*Try it*:
Reproduce, word for word, the lines in the material below starting with the one that has "Extra Large 300l" and going on through the one that has "Input signal of". Leave out all pictures.

*Provided data*:

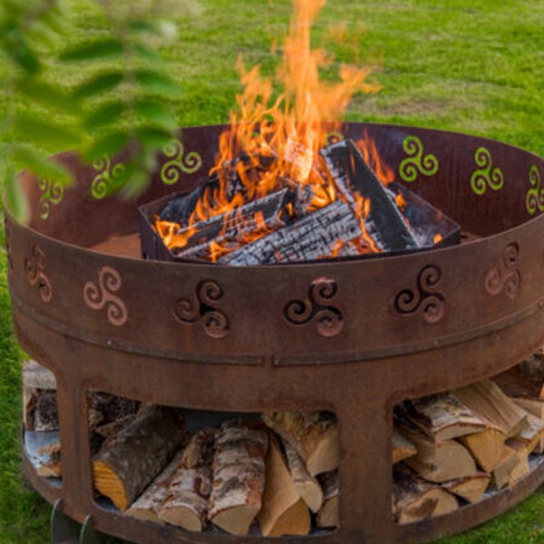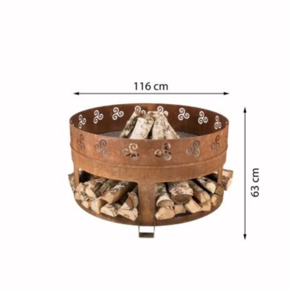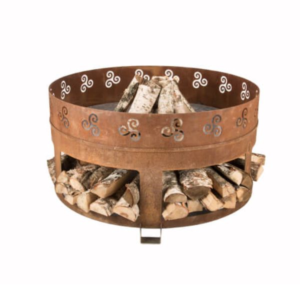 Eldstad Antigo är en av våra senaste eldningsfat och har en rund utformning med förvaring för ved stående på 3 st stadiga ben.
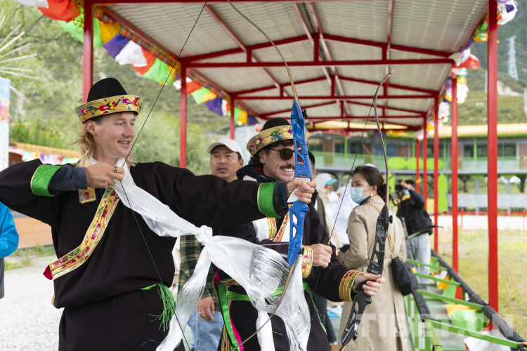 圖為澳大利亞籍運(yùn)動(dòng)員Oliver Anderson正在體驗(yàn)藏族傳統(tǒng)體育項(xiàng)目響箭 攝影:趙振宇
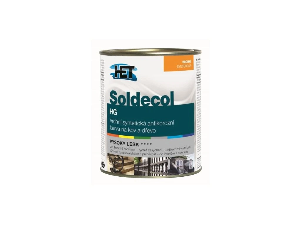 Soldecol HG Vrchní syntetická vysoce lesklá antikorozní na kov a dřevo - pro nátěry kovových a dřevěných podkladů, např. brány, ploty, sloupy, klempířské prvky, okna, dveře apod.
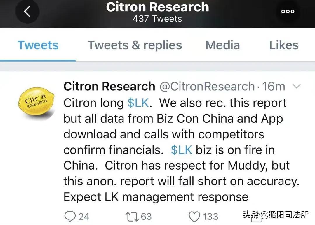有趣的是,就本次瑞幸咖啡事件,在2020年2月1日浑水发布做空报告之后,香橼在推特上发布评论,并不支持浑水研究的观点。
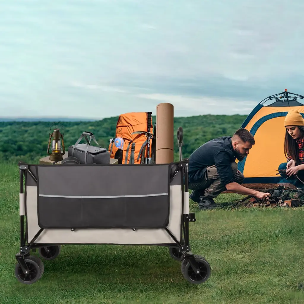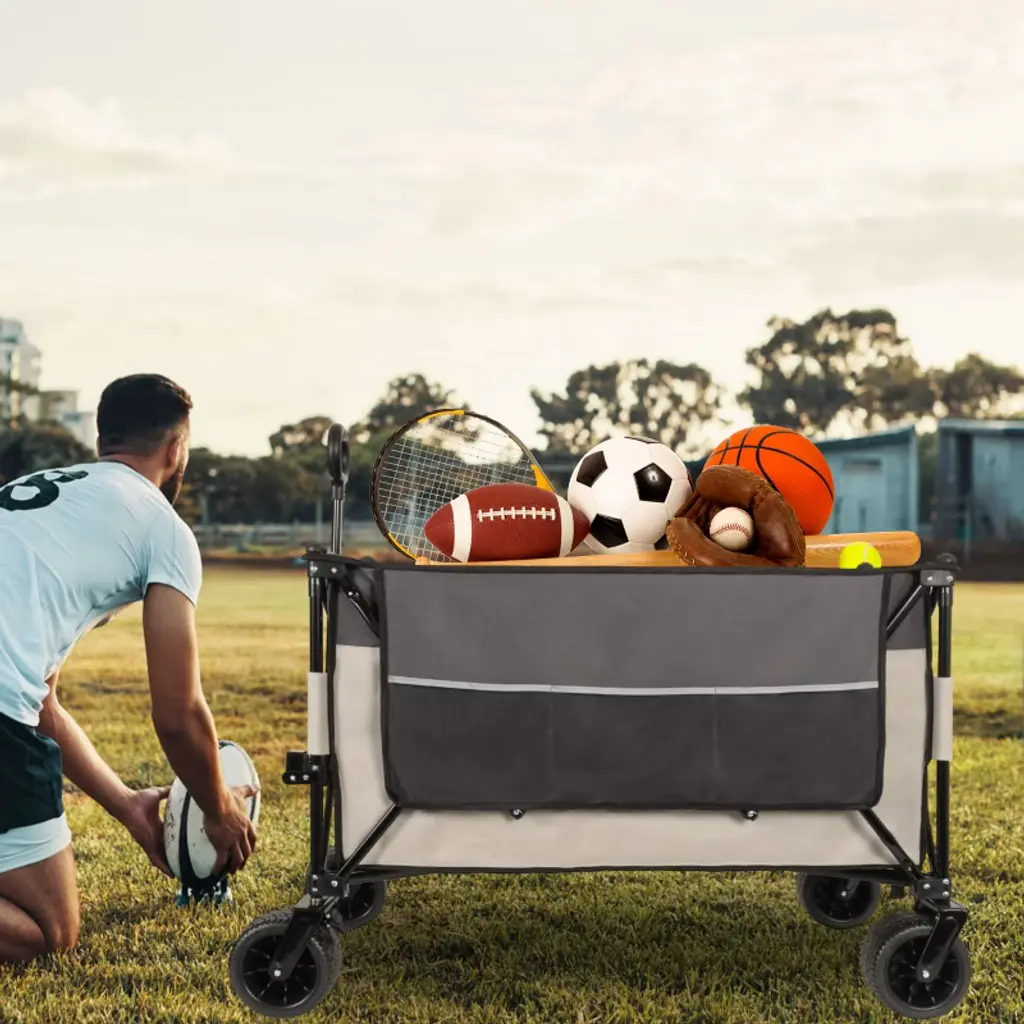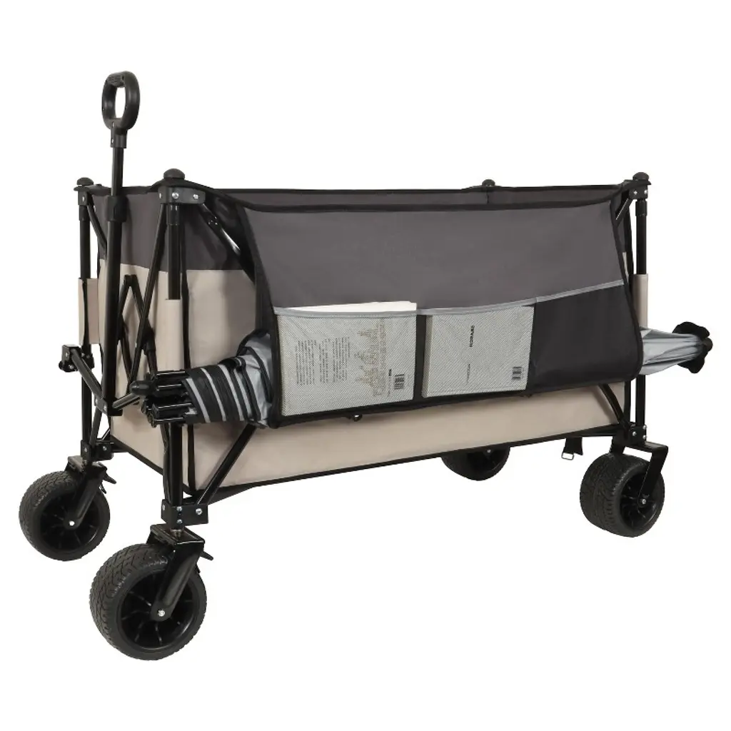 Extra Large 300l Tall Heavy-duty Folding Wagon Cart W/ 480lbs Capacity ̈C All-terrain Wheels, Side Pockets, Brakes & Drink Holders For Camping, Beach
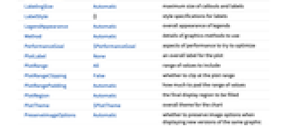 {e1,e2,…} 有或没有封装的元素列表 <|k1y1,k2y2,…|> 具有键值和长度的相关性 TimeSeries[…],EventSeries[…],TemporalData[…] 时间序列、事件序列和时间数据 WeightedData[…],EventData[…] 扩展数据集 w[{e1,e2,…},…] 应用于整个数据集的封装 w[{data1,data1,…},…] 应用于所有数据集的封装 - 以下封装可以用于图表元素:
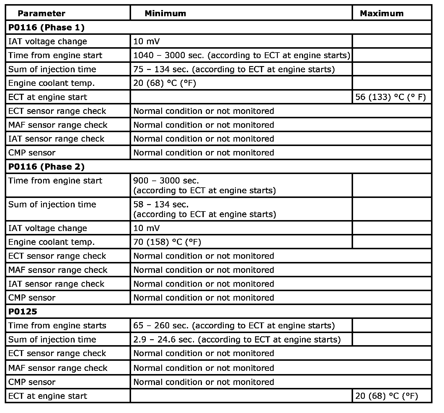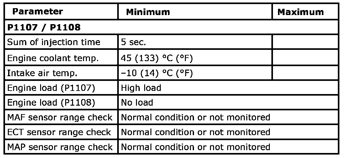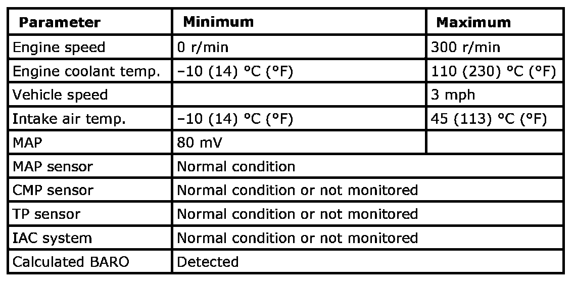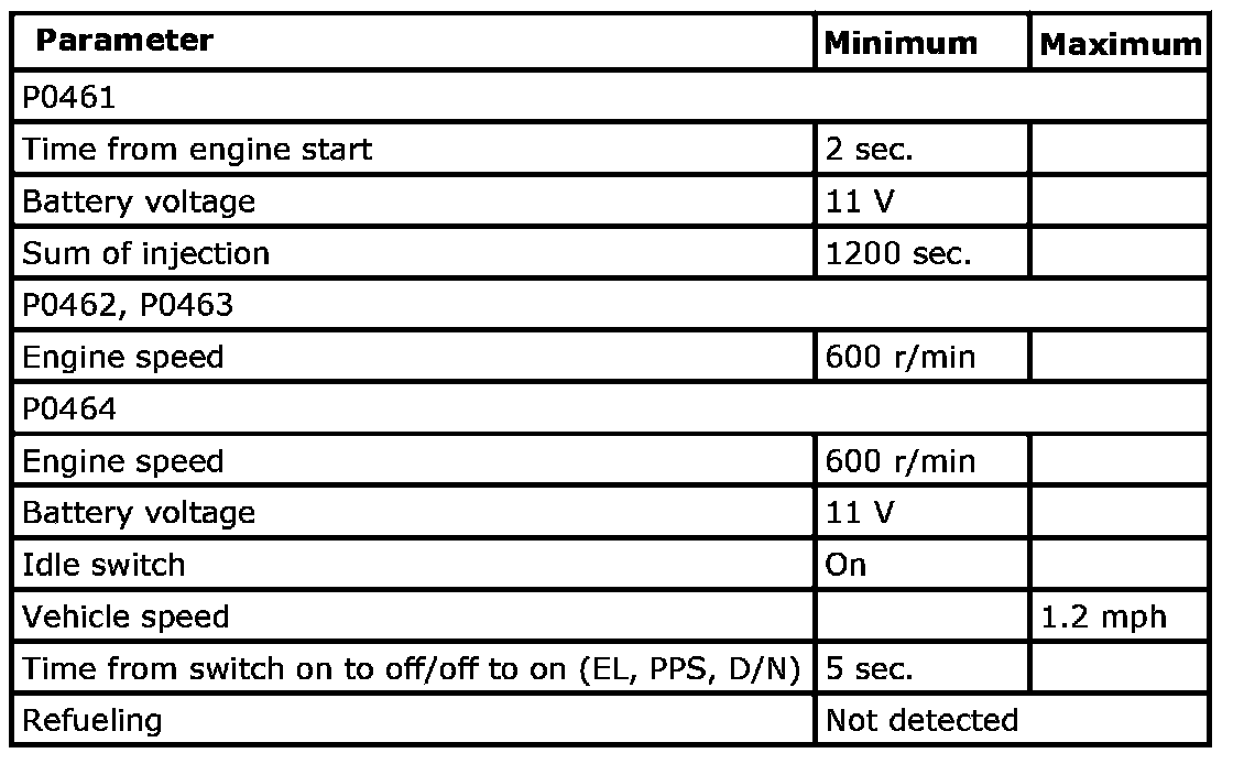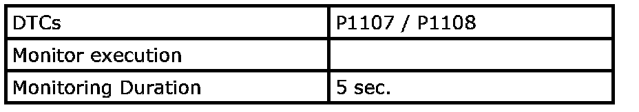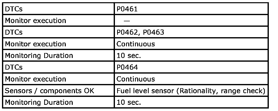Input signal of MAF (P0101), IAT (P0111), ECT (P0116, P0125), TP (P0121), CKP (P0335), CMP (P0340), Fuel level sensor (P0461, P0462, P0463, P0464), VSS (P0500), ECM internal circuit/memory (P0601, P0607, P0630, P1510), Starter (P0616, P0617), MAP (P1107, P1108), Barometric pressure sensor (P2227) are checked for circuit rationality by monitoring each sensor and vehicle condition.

--

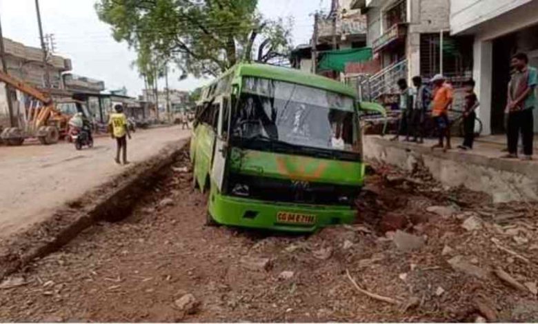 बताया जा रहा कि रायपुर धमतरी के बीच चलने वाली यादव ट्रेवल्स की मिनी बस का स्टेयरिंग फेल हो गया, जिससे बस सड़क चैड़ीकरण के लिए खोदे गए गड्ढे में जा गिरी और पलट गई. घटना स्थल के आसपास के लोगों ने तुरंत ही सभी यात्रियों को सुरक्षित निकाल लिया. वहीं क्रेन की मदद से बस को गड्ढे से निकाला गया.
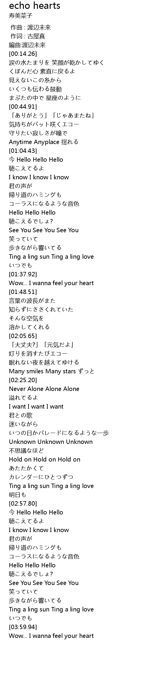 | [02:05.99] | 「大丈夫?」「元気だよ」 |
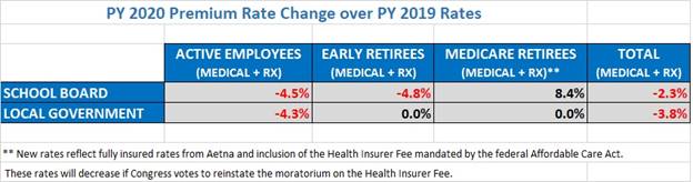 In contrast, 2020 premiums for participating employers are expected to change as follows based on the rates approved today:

*Answer space*:
 Extra Large 300l Tall Heavy-duty Folding Wagon Cart W/ 480lbs Capacity ̈C All-terrain Wheels, Side Pockets, Brakes & Drink Holders For Camping, Beach
 {e1,e2,…} 有或没有封装的元素列表 <|k1y1,k2y2,…|> 具有键值和长度的相关性 TimeSeries[…],EventSeries[…],TemporalData[…] 时间序列、事件序列和时间数据 WeightedData[…],EventData[…] 扩展数据集 w[{e1,e2,…},…] 应用于整个数据集的封装 w[{data1,data1,…},…] 应用于所有数据集的封装 - 以下封装可以用于图表元素:
Input signal of MAF (P0101), IAT (P0111), ECT (P0116, P0125), TP (P0121), CKP (P0335), CMP (P0340), Fuel level sensor (P0461, P0462, P0463, P0464), VSS (P0500), ECM internal circuit/memory (P0601, P0607, P0630, P1510), Starter (P0616, P0617), MAP (P1107, P1108), Barometric pressure sensor (P2227) are checked for circuit rationality by monitoring each sensor and vehicle condition.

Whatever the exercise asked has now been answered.